Two weeks after the Port of Baltimore was crippled by the collapse of the Francis Scott Key Bridge, at least one customer is directing its cargo to the Port of Wilmington, according to N.C. State Ports Authority officials.
The morning after a container ship departed the Port of Baltimore and collided with the bridge, N.C. Ports Executive Director Brian Clark assured the public that
no such event could happen here. Clark said container vessels do not pass underneath bridges to get to or from ports in Wilmington and Morehead City. Clark added that North Carolina Ports are standing by to assist.
“Ports along the East Coast and the industry as a whole are mobilizing and assisting however they can to ensure minimal supply chain disruptions in the wake of this tragedy,” he said last month.
As the customers of North Carolina ports assess their own supply chains and how the status of the Port of Baltimore could affect their operations, Clark’s team is ready to coordinate and take on additional calls, according to the statement.
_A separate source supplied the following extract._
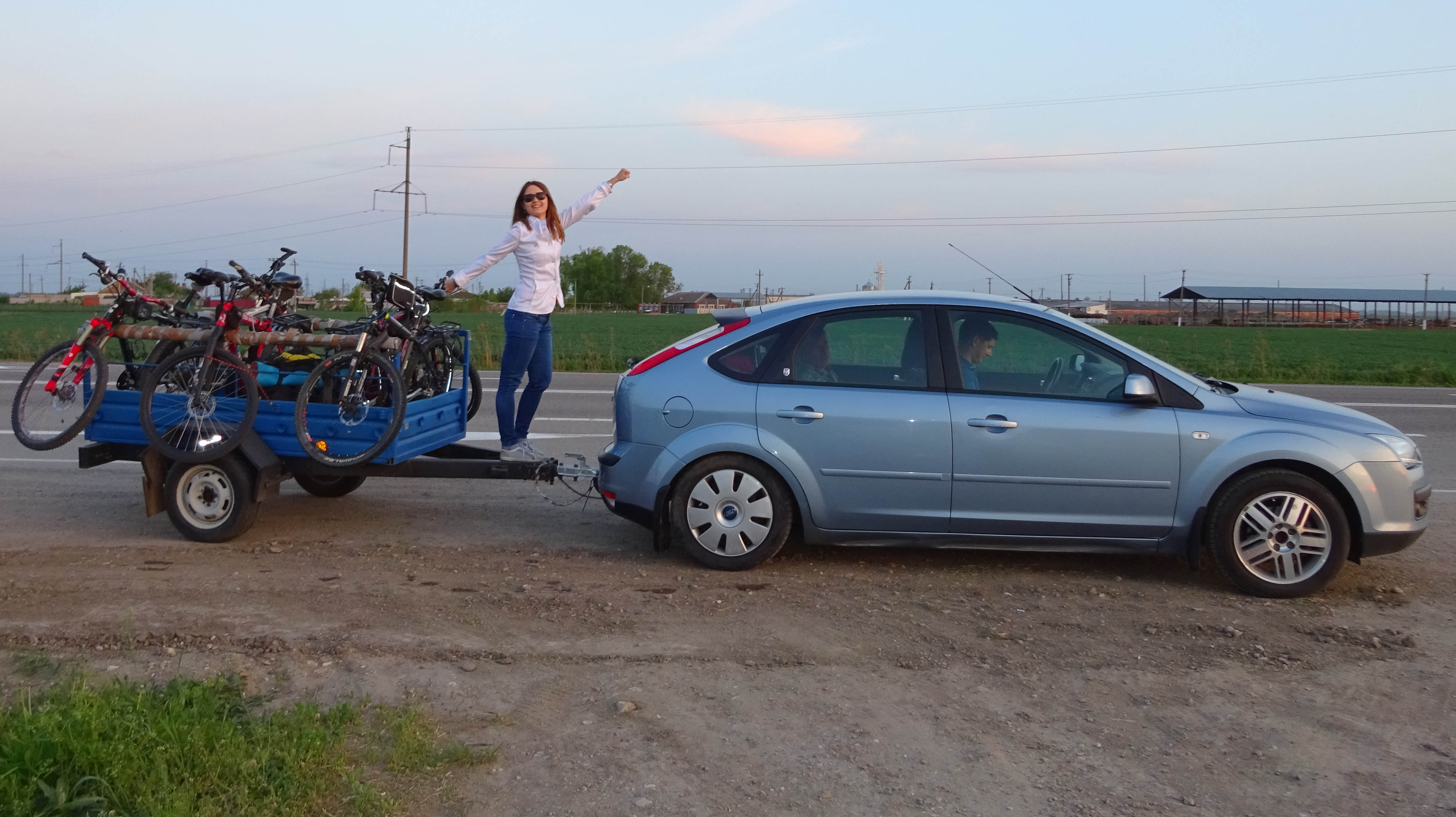 Не теряя времени, в пятницу 29го апреля мы выехали сразу после работы на двух машинах с нашим велоприцепом и оставили их у знакомого Бори в поселке Ильич, всего в 11км от переправы от куда и начался наш веломаршрут.

An existing port customer plans to use the Port of Wilmington as a contingent port until the Port of Baltimore is available to them, Clark said last week. The customer is an existing client of both the Port of Wilmington and Baltimore, but now the cargo originally going to Baltimore will be temporarily rerouted to Wilmington.
“We anticipate the first vessel servicing this diverted cargo to arrive in the middle of the month," Clark said in the statement.
N.C. Ports officials did not disclose the name of the customer, as of press time.
On Friday, President Joe Biden visited the site of the Baltimore bridge wreckage and pledged to provide more than $8 million in grant funds for the Port of Baltimore’s Sparrows Point, the terminal unaffected by the collapse. The funds are to increase the number of ships serviced by the terminal, according to a
White House release.
White House officials said dozens of vessels headed to Baltimore were diverted to other East Coast ports in a release published Friday. The Supply Chain Disruptions Task Force collaborated with the Norfolk Southern Railway Company to create an additional rail service between the Ports of New York, New Jersey and Baltimore. This helps get cargo meant for Baltimore back to the port so it can be processed and stored correctly, according to the White House release.